SOURCE RECORDS:
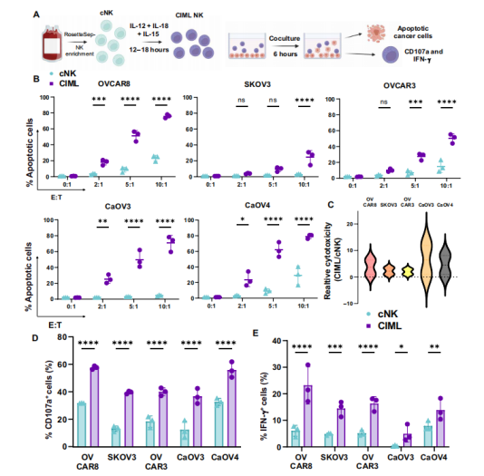 该研究第一时间从健康供体的外周血中分离出NK细胞,并顺利获得特定细胞因子(IL-12、IL-18和IL-15)的短暂激活,诱导其转化为具有记忆样特性的CIML NK细胞。CIML NK细胞与EOC 细胞系(OVCAR8、SKOV3、OVCAR3、CaOV3 、 CaOV4)共培养6小时后,在体外实验中显示出了增强的细胞毒性、脱颗粒化(CD107a)和干扰素γ(IFN-γ)产生,预示着其在抗肿瘤活性方面的潜力。
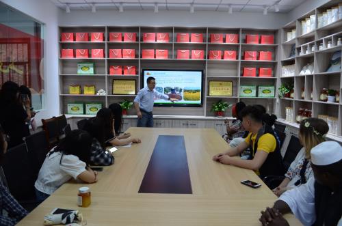 帮扶工作队的两位干部带领大家参观了扶贫车间,详细介绍了农产品的生产流程。扶贫车间设有产品展厅、花椒加工车间、油菜籽加工车间、蜂蜜加工车间、预留生产车间、库房等,这里出产蒲陈味道:“麻“辣”“香”“甜”。“麻”指花椒,花椒生产车间结合机器流水线作业与人工筛选双重把关,机器流水线提高产品质量,人工筛选为村民提供了就业岗位,增加其收入。经过两次筛选后的花椒,香味浓郁、颗粒饱满;“辣”为辣椒——爽口而韵味悠长,是蒲陈村最近几年才发展起来的产业,其辣椒育苗产业规模可为周围乡镇提供辣椒幼苗;“香”为菜籽油,利用周边农民生产的油菜籽、生产出纯天然的浓香菜籽油;“甜”指的是土蜂蜜,当地蜜蜂采百花蜜,所产的蜜色泽清透,口感香甜。该扶贫车间投入使用以来,平均年产量达到日加工油菜籽近2000斤,总共带动190户建档立卡贫困户发展增收。
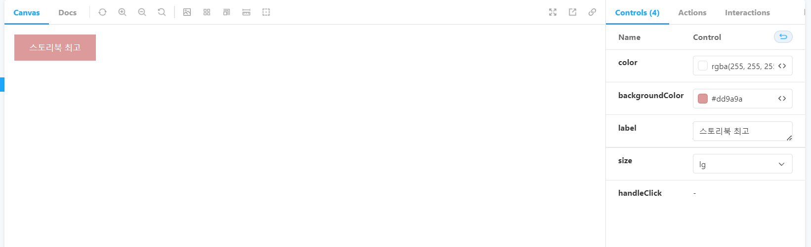 이렇게 각 props의 컨트롤 타입을 지정해주어서 어떻게 선택해줄 수 있을지 옵션을 어떻게 줄지 지정해줄 수 있습니다.
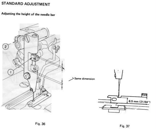 To adjust loosen screw (1) (Fig 36) in the needle bar clamp, place
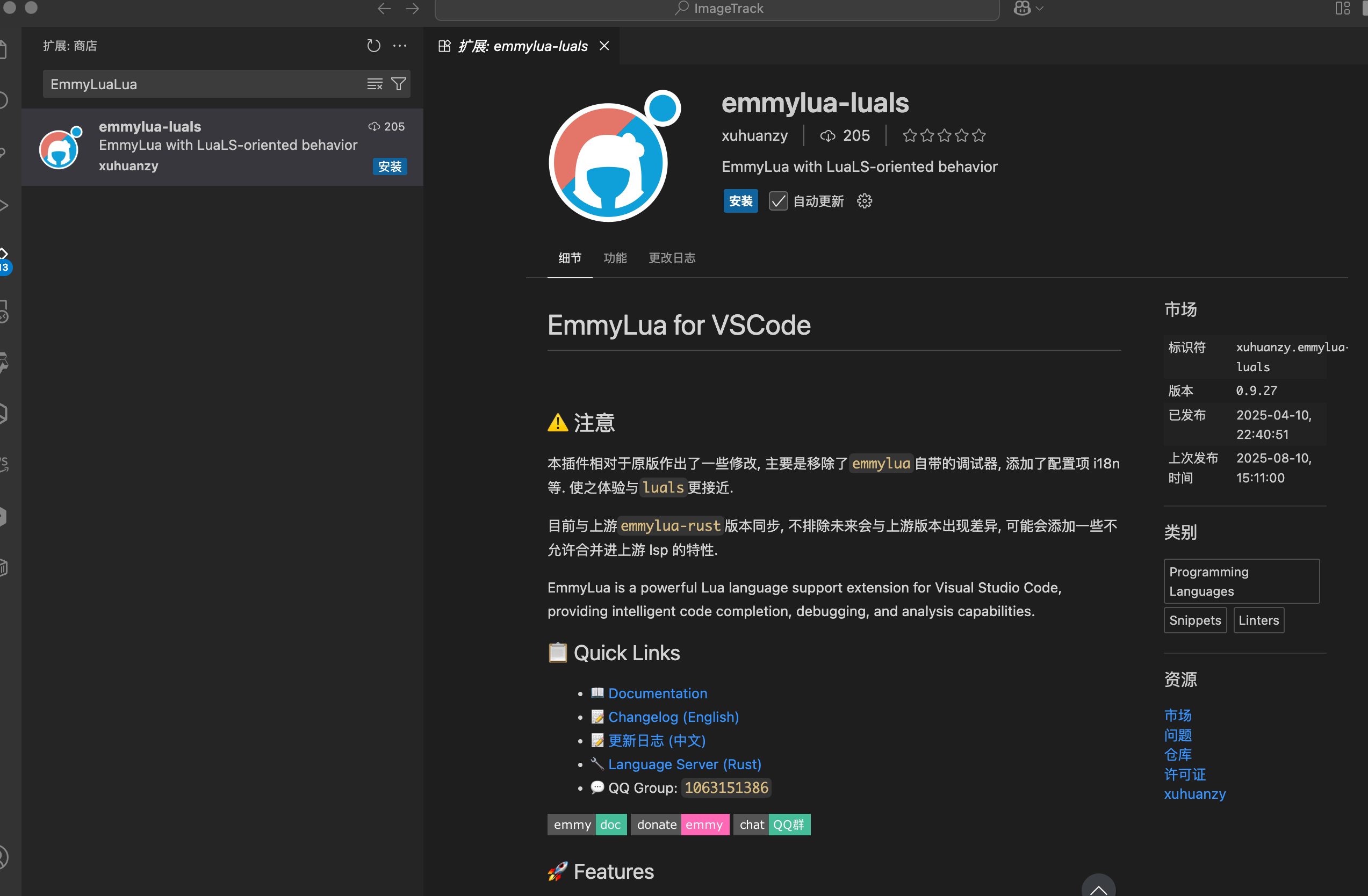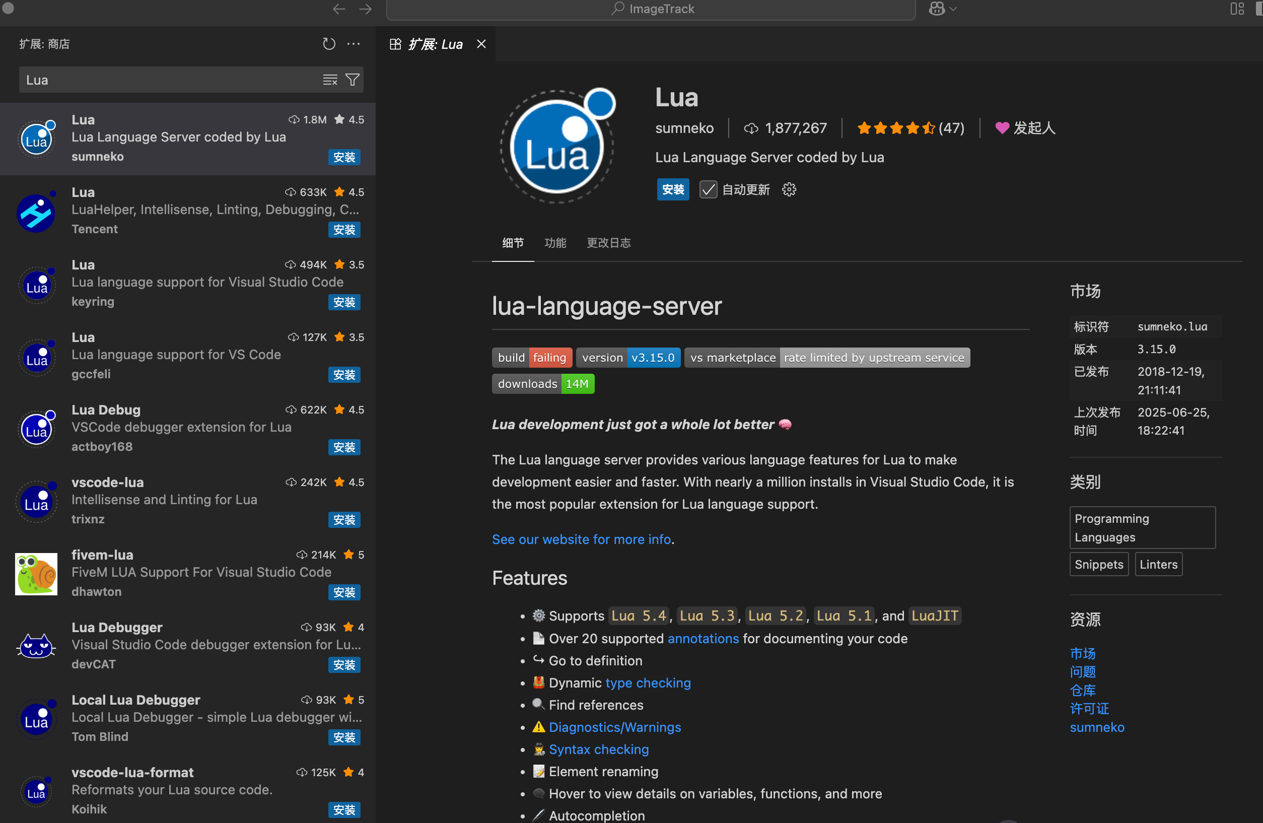 如果我们的项目有使用lua,还需要安装一下lua相关的插件,一般安装的是:EmmyLua和Lua两个插件。
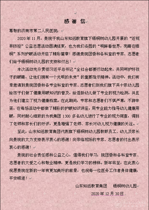 新年伊始,萝莉社 团委收到一封来自山东知远教育集团梧桐树幼儿园的感谢信,对市二院开展的“近视早防控”公益志愿活动表示感谢,信中说到: 2020年11月,贵院于我山东知远教育旗下梧桐树幼儿... -
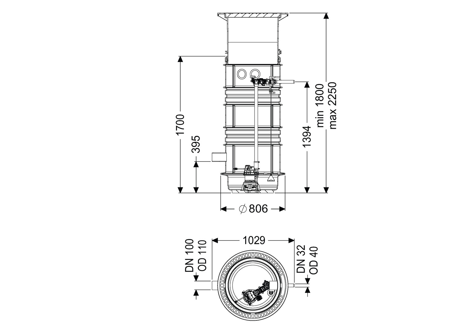 mit pneumatischer Niveauerfassung, zum Einbau ins Erdreich für Schmutz- und Regenwasser, Schachtsystem LW 600 aus PE-LLD, Pumpe mit Freistromrad, Einbau beständig bei Einbau ins Grundwasser bis 2500 mm, Pumpstation Aquapump im Schachtsystem LW 600, Zulauf DN 100 (GTF 600), Zulauf DN 150 (GTF 1200), Druckabgang DN 32 (OD 40) aus PVC, Abdeckung nach DIN EN 124 aus Beton/Guss, Klasse D, Kabellänge 10 m
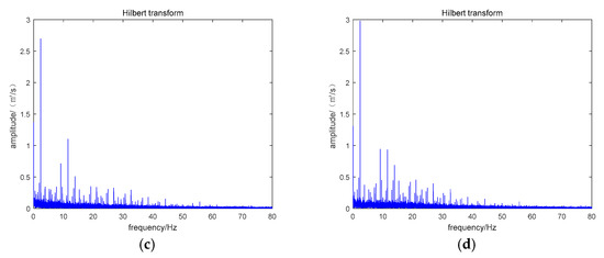 In order to verify the effectiveness of the method proposed, the paper analyzed the simulation signal by selecting the Hanning window, Hamming window MSMF and the method in this paper. In the Figure 11a,b, Hanning window and Hamming window are used to filter the signal respectively. It can be seen from the figure that although the two methods can identify the fault characteristic frequency in the noise interference, the difference between the interference frequency and the fault frequency in the above two methods is not particularly obvious. It can be seen from (c) and (d) in the figure that the fault characteristic frequency of MSMF and VMSMF can be more significantly distinguished than Hamming window and Hanning window. Compared with MSMF, VMSMF method can better suppress other interference frequency components except fault characteristic frequency. The analysis results showed that the method proposed in this paper is more capable of highlighting the fault characteristics, thus verifying the effectiveness of the method proposed in this paper.
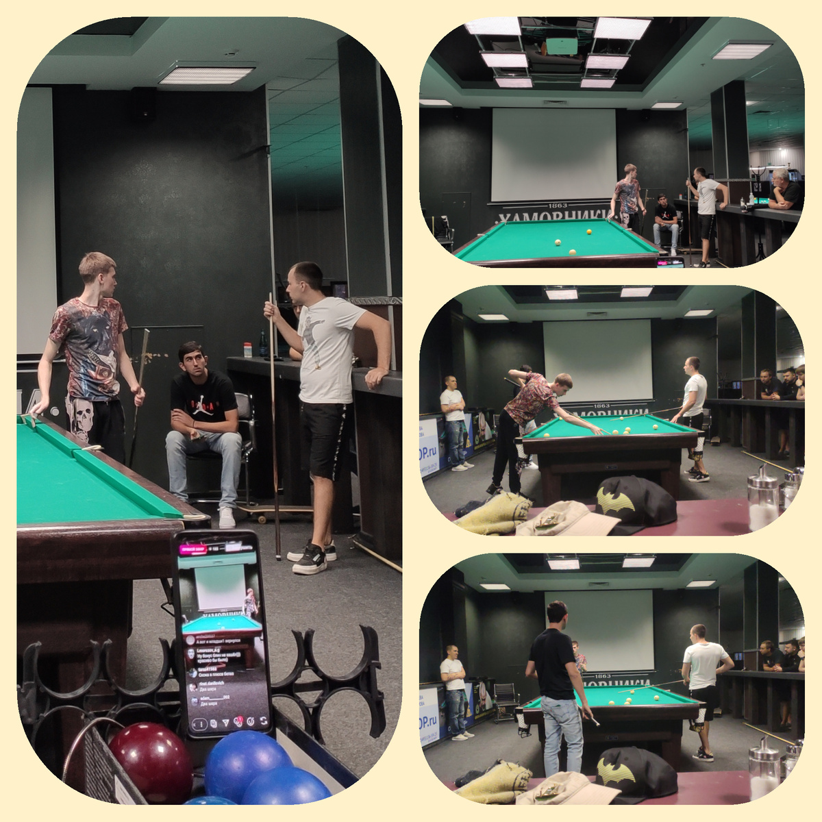 Воскресенье. В "Легенде" людно. Еженедельный турнир, гости играют, я тренирую. Вечером стало повеселее. Приехал Крыжановский, Абрамов и Белозёров. После обсуждений во что и почём играть, Крыжановский и Белозёров начали колхоз по 10000₽ за шар. По истечении трех партий, счет был равный. Мой Telegram канал Небольшой перерыв и игра принимает другой оборот. Белозёров встал "королём" vs Крыжановский/Абрамов. Куш остался прежний, но были условия, что одну партию пара играет через удар, а другую каждый заканчивает свою серию. Первая партия 12/4 в пользу пары. Счёт + 8. Вторая партия 7/9, теперь уже в пользу Белозёрова. Пара +6. Третья партия "обраточка" 9/7 и счёт опять +8. Четвёртая пария 12/4 и теперь Белозёров проигрывает 16 кушей. Пятая партия и пара опять выигрывает 9/7. Счёт +18 в пользу пары. Шестая партия Белозёров выигрывает 9/7. Счёт стал +16 кушей в пользу пары. Небольшой перерыв и игра продолжается, но теперь один на один , Крыжановский vs Белозёров. Первая партия за
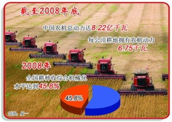 60年来,我国农业逐步告别了犁耕马拉的历史,农业生产现代化程度不断提高。据农业部农业机械化管理司司长宗锦耀介绍,截至2008年底,中国农机总动力达8.22亿千瓦;每公顷耕地拥有农机动力6.75千瓦;拖拉机保有量2022万台。农业机械化水平进入了中级发展阶段,2008年底,全国耕种收综合机械化水平达到45.8%。
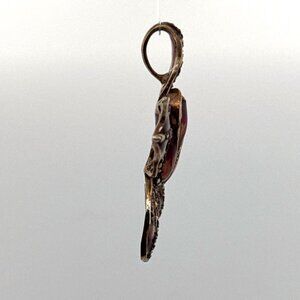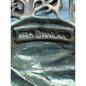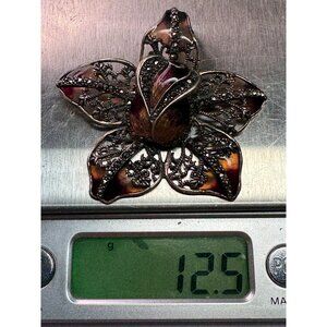 Beautiful estate orchid flower pendant crafted in Sterling Silver 925 with intricate marcasite accents and rich purple enamel inlay. The pendant showcases detailed filigree work with a dimensional orchid blossom design. It measures approx. 46.6 mm in length and weighs 12.5 grams. Bail is large enough for various chain styles. Pendant only – chain not included.
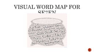 The title sequence of the film Se7en uses various techniques to set a mysterious and unsettling tone. The titles flash between each other unevenly written to emphasize the thriller genre. Actor names are presented in disjointed or distorted ways, such as Morgan Freeman's name appearing in a thunderstorm, to suggest darkness, tragedy, and an unstable mind. Images shown include hands implying grief or murder, old files symbolizing a drawn out investigation, and documents revealing truth - preparing the audience for a disturbing storyline involving serial killings tied to the seven deadly sins.

EXERCISE GOAL: Output the listing above exactly as it stands; no picture should appear.

YOUR SOLUTION:
 该研究第一时间从健康供体的外周血中分离出NK细胞,并顺利获得特定细胞因子(IL-12、IL-18和IL-15)的短暂激活,诱导其转化为具有记忆样特性的CIML NK细胞。CIML NK细胞与EOC 细胞系(OVCAR8、SKOV3、OVCAR3、CaOV3 、 CaOV4)共培养6小时后,在体外实验中显示出了增强的细胞毒性、脱颗粒化(CD107a)和干扰素γ(IFN-γ)产生,预示着其在抗肿瘤活性方面的潜力。
 帮扶工作队的两位干部带领大家参观了扶贫车间,详细介绍了农产品的生产流程。扶贫车间设有产品展厅、花椒加工车间、油菜籽加工车间、蜂蜜加工车间、预留生产车间、库房等,这里出产蒲陈味道:“麻“辣”“香”“甜”。“麻”指花椒,花椒生产车间结合机器流水线作业与人工筛选双重把关,机器流水线提高产品质量,人工筛选为村民提供了就业岗位,增加其收入。经过两次筛选后的花椒,香味浓郁、颗粒饱满;“辣”为辣椒——爽口而韵味悠长,是蒲陈村最近几年才发展起来的产业,其辣椒育苗产业规模可为周围乡镇提供辣椒幼苗;“香”为菜籽油,利用周边农民生产的油菜籽、生产出纯天然的浓香菜籽油;“甜”指的是土蜂蜜,当地蜜蜂采百花蜜,所产的蜜色泽清透,口感香甜。该扶贫车间投入使用以来,平均年产量达到日加工油菜籽近2000斤,总共带动190户建档立卡贫困户发展增收。
 이렇게 각 props의 컨트롤 타입을 지정해주어서 어떻게 선택해줄 수 있을지 옵션을 어떻게 줄지 지정해줄 수 있습니다.
 To adjust loosen screw (1) (Fig 36) in the needle bar clamp, place
 如果我们的项目有使用lua,还需要安装一下lua相关的插件,一般安装的是:EmmyLua和Lua两个插件。
 新年伊始,萝莉社 团委收到一封来自山东知远教育集团梧桐树幼儿园的感谢信,对市二院开展的“近视早防控”公益志愿活动表示感谢,信中说到: 2020年11月,贵院于我山东知远教育旗下梧桐树幼儿... -
 mit pneumatischer Niveauerfassung, zum Einbau ins Erdreich für Schmutz- und Regenwasser, Schachtsystem LW 600 aus PE-LLD, Pumpe mit Freistromrad, Einbau beständig bei Einbau ins Grundwasser bis 2500 mm, Pumpstation Aquapump im Schachtsystem LW 600, Zulauf DN 100 (GTF 600), Zulauf DN 150 (GTF 1200), Druckabgang DN 32 (OD 40) aus PVC, Abdeckung nach DIN EN 124 aus Beton/Guss, Klasse D, Kabellänge 10 m
 In order to verify the effectiveness of the method proposed, the paper analyzed the simulation signal by selecting the Hanning window, Hamming window MSMF and the method in this paper. In the Figure 11a,b, Hanning window and Hamming window are used to filter the signal respectively. It can be seen from the figure that although the two methods can identify the fault characteristic frequency in the noise interference, the difference between the interference frequency and the fault frequency in the above two methods is not particularly obvious. It can be seen from (c) and (d) in the figure that the fault characteristic frequency of MSMF and VMSMF can be more significantly distinguished than Hamming window and Hanning window. Compared with MSMF, VMSMF method can better suppress other interference frequency components except fault characteristic frequency. The analysis results showed that the method proposed in this paper is more capable of highlighting the fault characteristics, thus verifying the effectiveness of the method proposed in this paper.
 Воскресенье. В "Легенде" людно. Еженедельный турнир, гости играют, я тренирую. Вечером стало повеселее. Приехал Крыжановский, Абрамов и Белозёров. После обсуждений во что и почём играть, Крыжановский и Белозёров начали колхоз по 10000₽ за шар. По истечении трех партий, счет был равный. Мой Telegram канал Небольшой перерыв и игра принимает другой оборот. Белозёров встал "королём" vs Крыжановский/Абрамов. Куш остался прежний, но были условия, что одну партию пара играет через удар, а другую каждый заканчивает свою серию. Первая партия 12/4 в пользу пары. Счёт + 8. Вторая партия 7/9, теперь уже в пользу Белозёрова. Пара +6. Третья партия "обраточка" 9/7 и счёт опять +8. Четвёртая пария 12/4 и теперь Белозёров проигрывает 16 кушей. Пятая партия и пара опять выигрывает 9/7. Счёт +18 в пользу пары. Шестая партия Белозёров выигрывает 9/7. Счёт стал +16 кушей в пользу пары. Небольшой перерыв и игра продолжается, но теперь один на один , Крыжановский vs Белозёров. Первая партия за
 60年来,我国农业逐步告别了犁耕马拉的历史,农业生产现代化程度不断提高。据农业部农业机械化管理司司长宗锦耀介绍,截至2008年底,中国农机总动力达8.22亿千瓦;每公顷耕地拥有农机动力6.75千瓦;拖拉机保有量2022万台。农业机械化水平进入了中级发展阶段,2008年底,全国耕种收综合机械化水平达到45.8%。
 Beautiful estate orchid flower pendant crafted in Sterling Silver 925 with intricate marcasite accents and rich purple enamel inlay. The pendant showcases detailed filigree work with a dimensional orchid blossom design. It measures approx. 46.6 mm in length and weighs 12.5 grams. Bail is large enough for various chain styles. Pendant only – chain not included.
 The title sequence of the film Se7en uses various techniques to set a mysterious and unsettling tone. The titles flash between each other unevenly written to emphasize the thriller genre. Actor names are presented in disjointed or distorted ways, such as Morgan Freeman's name appearing in a thunderstorm, to suggest darkness, tragedy, and an unstable mind. Images shown include hands implying grief or murder, old files symbolizing a drawn out investigation, and documents revealing truth - preparing the audience for a disturbing storyline involving serial killings tied to the seven deadly sins.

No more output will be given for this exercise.